Sophia mengangguk. Memeluk Alex. Begitupun dengan Alex yang membalas pelukan Sophia. Mereka saling berpelukan. Berbagi semua rasa. Baik rasa suka maupun duka.
***
Alex dan Sophia mengadakan syukuran di kediaman Keluarga Sebastian setelah Sophia dinyatakan sembuh. Mereka membagikan ribuan paket sembako untuk fakir miskin dan mengadakan pengajian di kediaman Keluarga Sebastian. Acara pengajian itu dihadiri anak-anak yatim. Alex dan Sophia ingin berbagi kebahagian mereka dengan anak-anak yatim yang merupakan anak-anak asuh Sophia. Pengajian itu tak hanya dihadiri anak yatim piatu tetapi juga dihadiri Keluarga Sebastian, Keluarga Harold, dan Keluarga Wijaksana.
Sophia duduk sambil memangku Arfan yang tampan mengenakan baju koko kecil berwarna biru muda senada dengan baju koko yang dipakai Alex dan para lelaki anggota keluarga lainnya. Begitupun Sophia yang cantik dengan gamis berwarna baby pink. Sophia duduk bersama Claudya, Humaira, Ibu Marisa, Nada, Nenek Carroline dan Bibi Fatimah. Mereka sama-sama melantunkan ayat suci Al-Quran. Sedangkan Arfan hanya diam dan mendengarkan sambil menengadah tangannya. Sampai pengajian itu selesai.
"Alhamdulillah," ucap Sophia setelah usai mengaji. Dia mencium Arfan yang anteng selama pengajian itu berlangsung.
"Arfan anteng ya Sophia, bikin gemes," kata Bibi Fatimah.
"Arfan gitu Bi, kalau dengerin apa aja yang berhubungan dengan doa, lantunan ayat suci dan sholawatan pasti anteng, terus tangannya menengadah," sahut Claudya yang tahu betul anak asuhnya selama setahun ini.
"Pinternya cucu nenek," kata Bibi Fatimah sambil mencolek pipi cabi Arfan.
"N€n€ ... N€n€ ..." ucap Arfan pada Bibi Fatimah.
"Gemesin, pengen deh Bibi bawa ke rumah," ujar Bibi Fatimah.
"Iya kan, Arfan memang gemesin, di rumah aja rebutan mau gendong," sahut Ibu Marisa.
"Pagi-pagi aja kakek udah bawa Arfan jalan pagi," tambah Nenek Carroline.
Sophia tersenyum. Ternyata banyak yang menyayangi Arfan. Dia tak khawatir lagi saat kemarin tak ada di sisi Arfan. Karena putranya ada di sekeliling keluarganya yang menyayanginya.
Setelah acara pengajian itu selesai, Alex dan Sophia beserta semua anggota Keluarga Sebastian, Keluarga Harold, dan Keluarga Wijaksana berkumpul di ruang keluarga. Mereka bersenda gurau dan saling bercengkrama mempererat persaudaraan dan silaturahmi di antara anggota keluarga.

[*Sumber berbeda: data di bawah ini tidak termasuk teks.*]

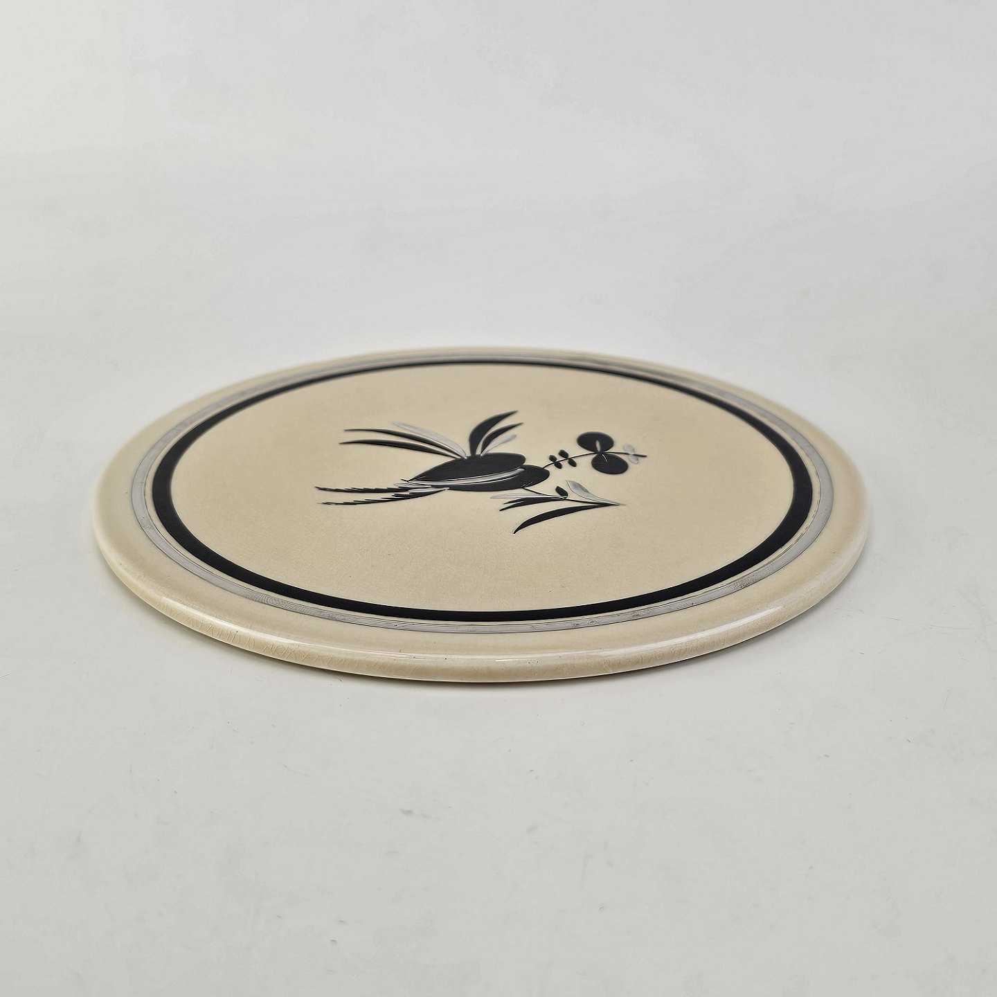 Smørbræt i fajance fra stellet Dragsholm fremstillet i perioden 1934-1965.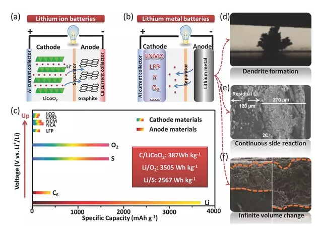 c)典型電極材料在電壓和容量方面的比較,LMBs的能量密度遠(yuǎn)大于LIBs;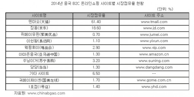 중국 국가통계국에 따르면 올해 7월까지의 중국 전체 전자상거래 시장 규모는 1조9,000억 위안으로 전년 동기 대비 37.7%가 증가했다. 2014년 전자상거래 시장 규모는 2조8,000억 위안이었는데, 특히 B2C 거래 규모(1조2,900억 위안)가 전체 모바일·온라인 쇼핑 거래액의 45%를 차지했다. 중국 유통업계는 전자상거래 시장이 향후 27%의 성장률을 유지하며 꾸준히 확대될 것으로 내다보고 있다.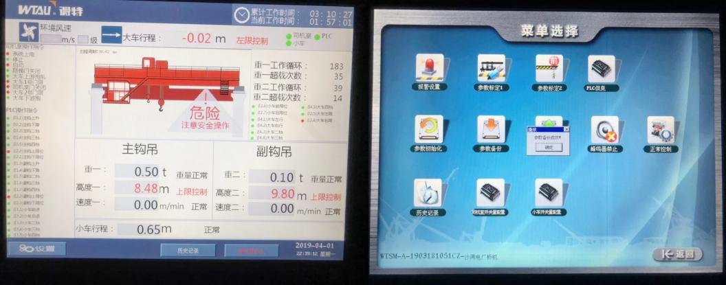 上下小車及大車行程采用計(jì)程輪的方式采集數(shù)據(jù),高度采用多功能行程限位器加編碼器的方式采集高度數(shù)據(jù)。同時(shí)采集其速度等相關(guān)數(shù)據(jù),使操作人員可以通過直觀的數(shù)據(jù)變化觀察其大小車的位置,每個(gè)鉤的高度等相關(guān)數(shù)據(jù),為設(shè)備的安全運(yùn)行提供更加安全的保障。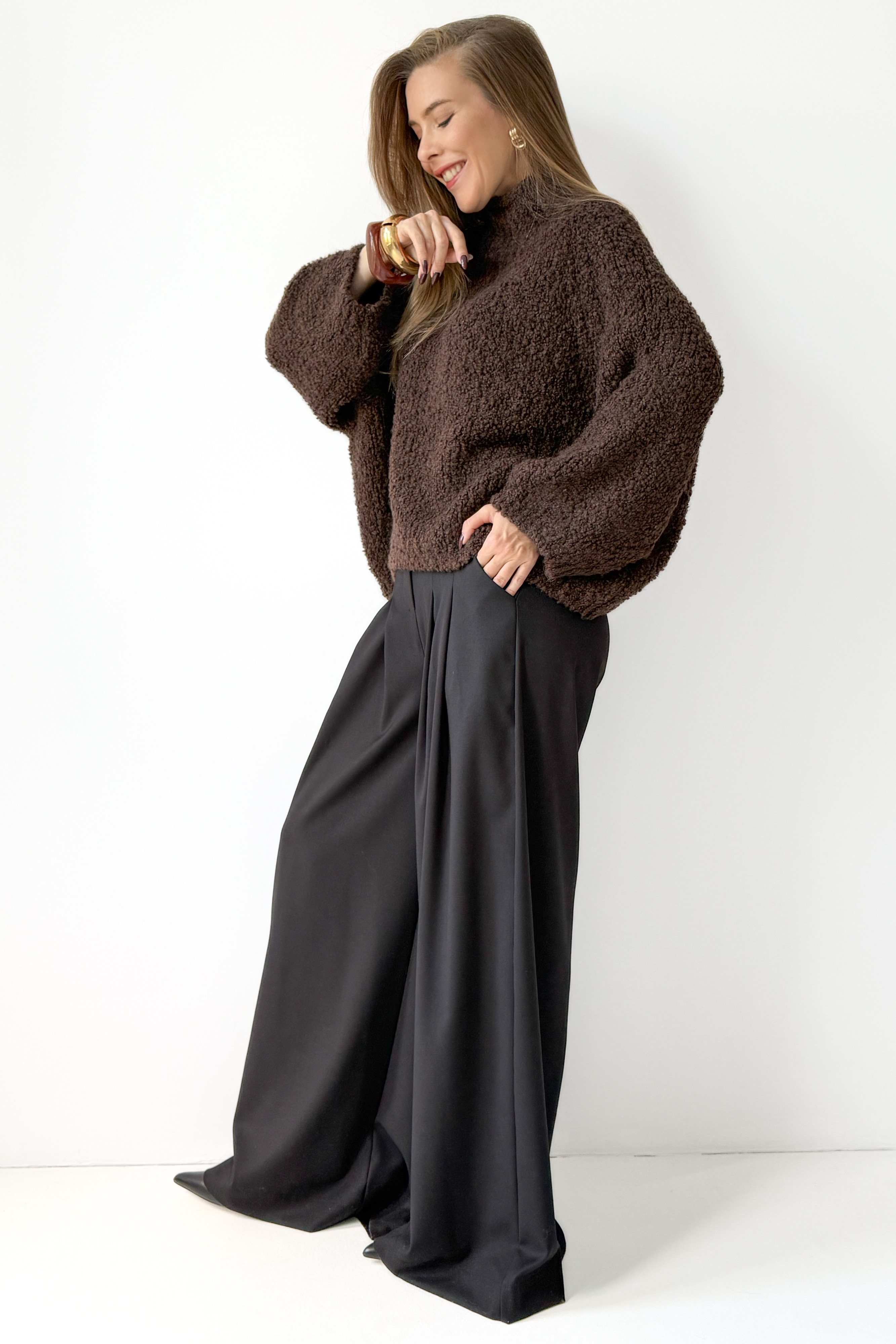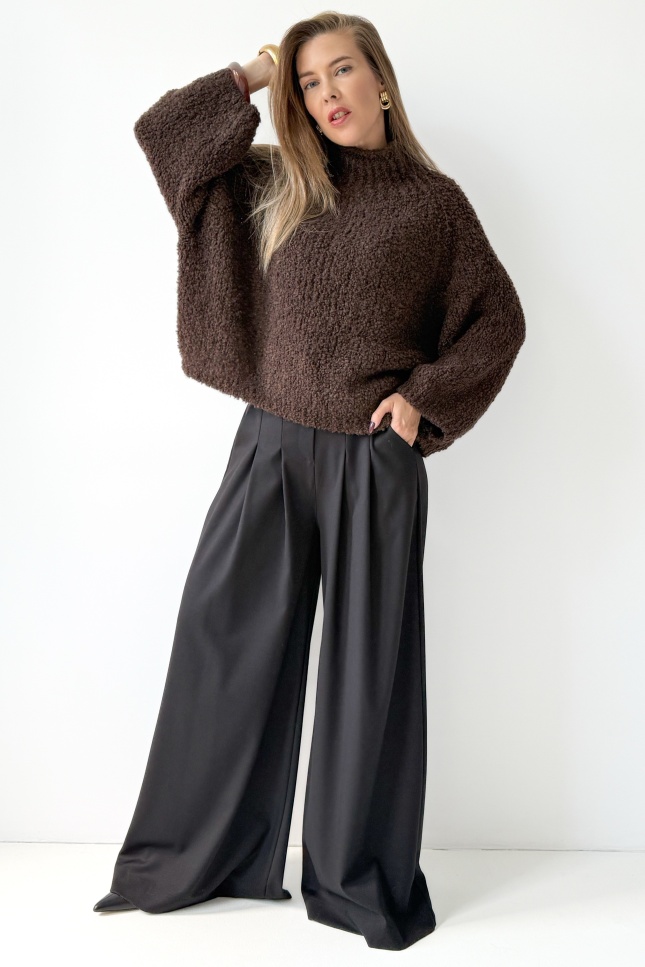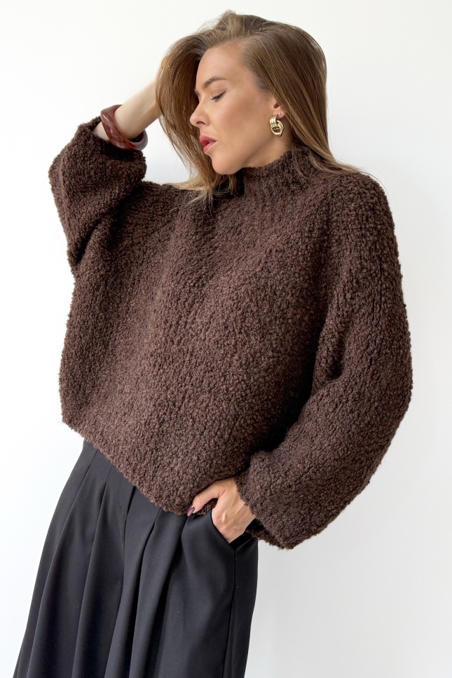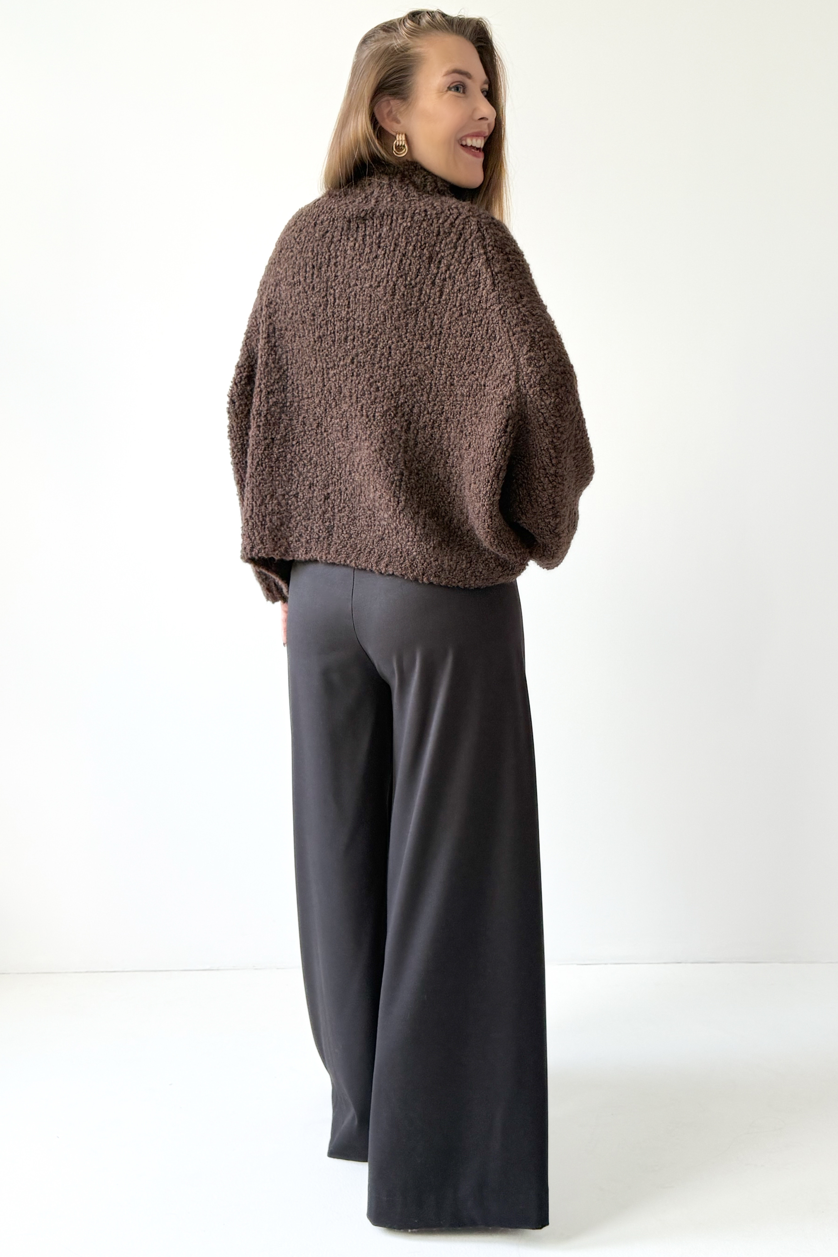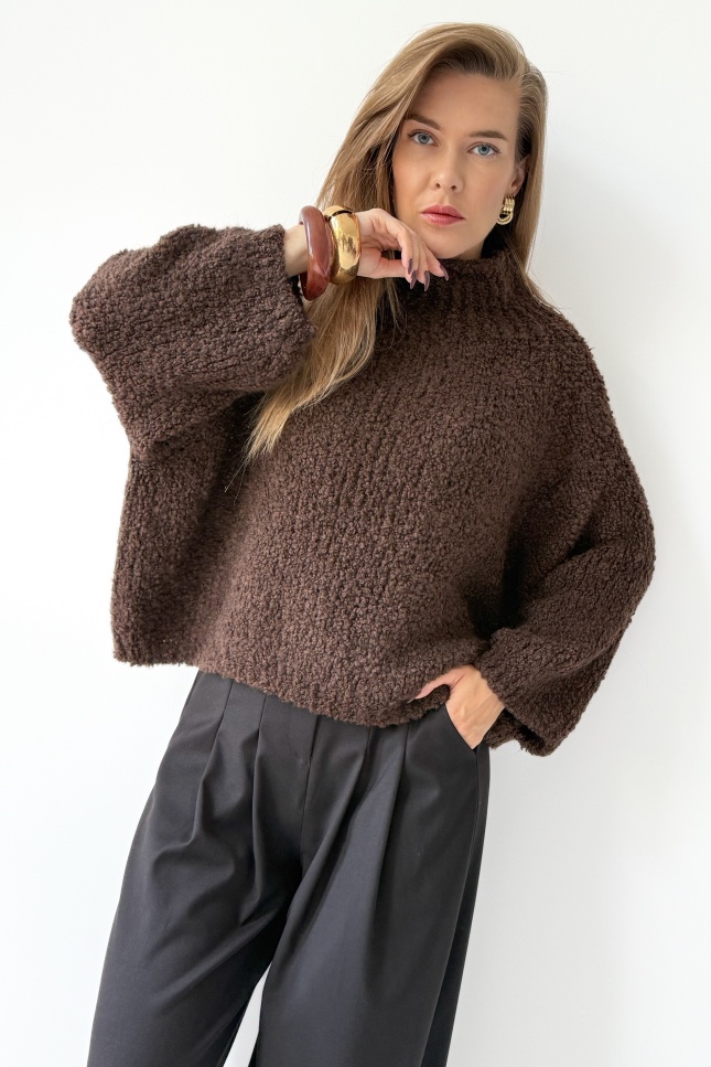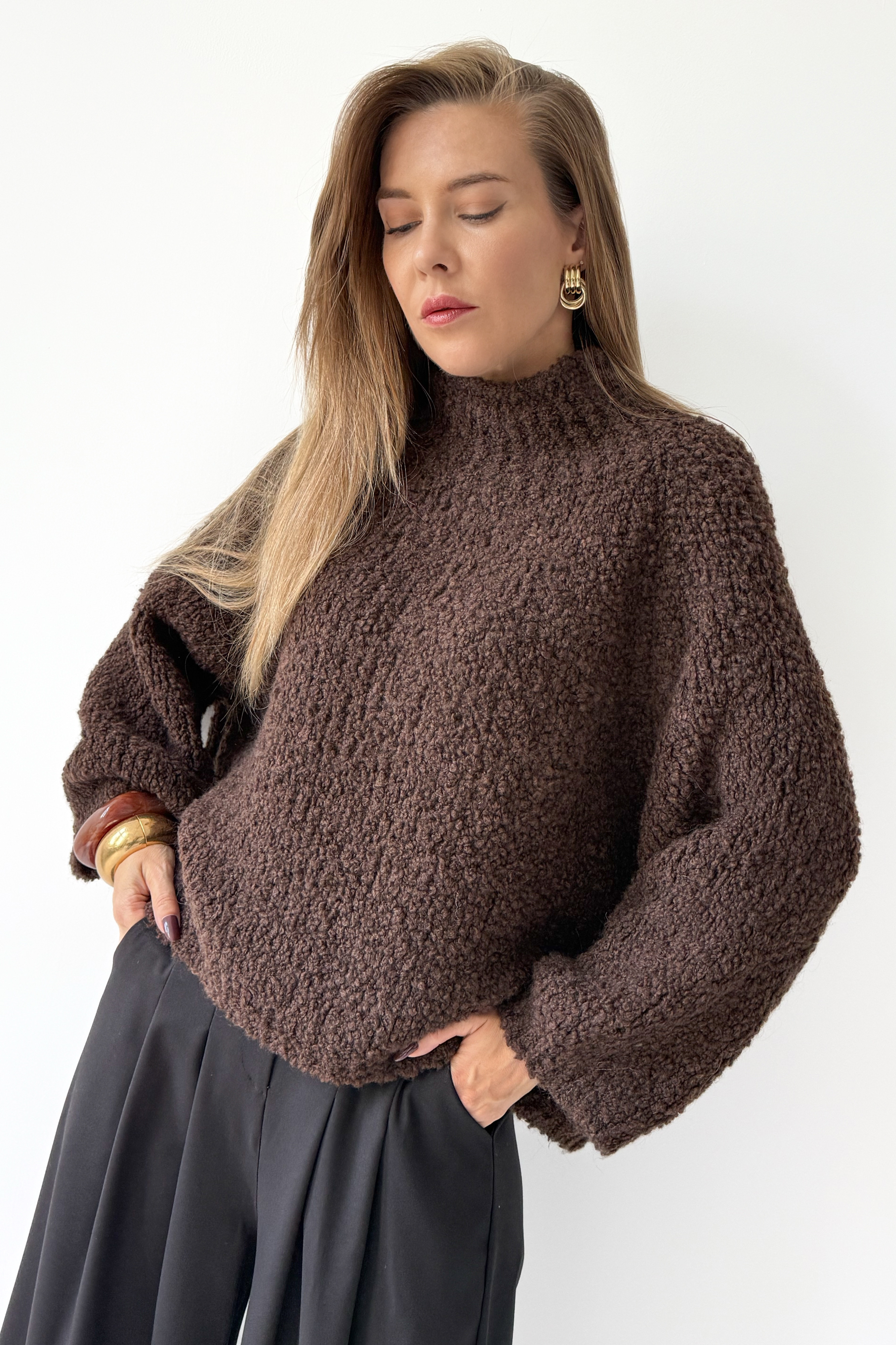 Bouclé is a classic, slightly boxy sweater with a turtleneck that impresses with its softness and refined simplicity. Made of looped yarn with added baby alpaca, wool, and viscose, it provides exceptional comfort and a subtle texture.

"Lex mumpung lagi santai, coba kau ceritakan apa yang sudah terjadi padamu selama satu tahun ini," kata Kakek David. Dia penasaran dengan apa yang terjadi pada cucunya..
"Iya Lex, mumpung kita ngumpul jadi kita semua tahu apa yang terjadi padamu," tambah Pak Ferdi.
"Jangan terlalu baper Lex kurangi kata menyedihkannya, Papa tidak mau mata Papa sembab," ucap Pak Harry. Dia tidak mau ketampanannya berkurang dengan air mata yang terus menetes hingga menimbulkan sembab.
"Baiklah, aku akan menceritakan semuanya," sahut Alex.
Mereka semua terdiam bersiap mendengarkan cerita Alex.